The Fitbit Air covers the core health metrics you’d expect, including 24/7 heart rate monitoring, heart rate variability, SpO2 (blood oxygen level), temperature variation, sleep tracking and analysis, cardio load, training readiness, steps, distance and irregular heart rhythm notifications for atrial fibrillation detection. It also includes automatic activity tracking that you can confirm later in the app. The device is water-resistant up to 50 meters.
One caveat: The Fitbit Air uses an older sensor setup than the current Pixel Watch 4, which includes a multipath optical heart rate sensor and a far-field temperature sensor. The Air sticks with more traditional sensors, which could limit accuracy, especially in peak heart rate zones and for more advanced insights, like menstrual cycle tracking.
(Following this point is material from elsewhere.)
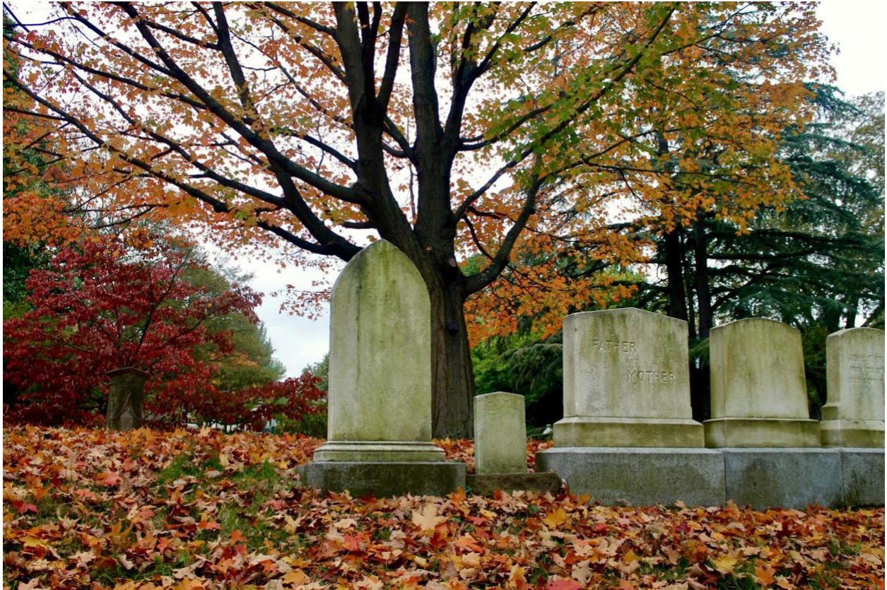
Mount Auburn Cemetery

* 9:30am-4:30 pm The Natural Deathcare Collaborative – In Loving Hands: A Practical & Community Approach to Deathcaring

Google’s coaching superpowers
Google Health Coach, and the long-term health insights, are the main reason you’d buy this band. The coach pulls together fitness, sleep, heart rate and menstrual cycle data to build training plans that adapt to real-time performance and schedule. It sets weekly targets and can suggest workouts (which include video examples), adjust recommendations based on recovery and can use your own data to signal when to push and when to rest. This includes haptic Smart Wake alarms that use your sleep data dynamically to wake you at an optimal point in your sleep cycle.
Battery life
One of the clearest advantages of going screenless is battery life. Google says the Fitbit Air lasts up to a week on a single charge. (We’ll have to test to see how this holds up to our real-world testing.) And it can also charge from zero to 100% in 90 minutes.
That doesn’t quite match the Whoop band’s two-week battery life, but it’s a serious step up from the roughly 36-hour battery cap you’d get from its display-totting siblings, like the 41mm model of the Pixel Watch 4.
iOS and Android
Unlike the Android-only Pixel Watch, the Fitbit Air works with both Android and iOS, which is more in line with other Fitbit devices. That means you can get the Google Health Coach even if you have an iPhone, though it’s unclear if there are any advantages to using the Air on Android versus iOS.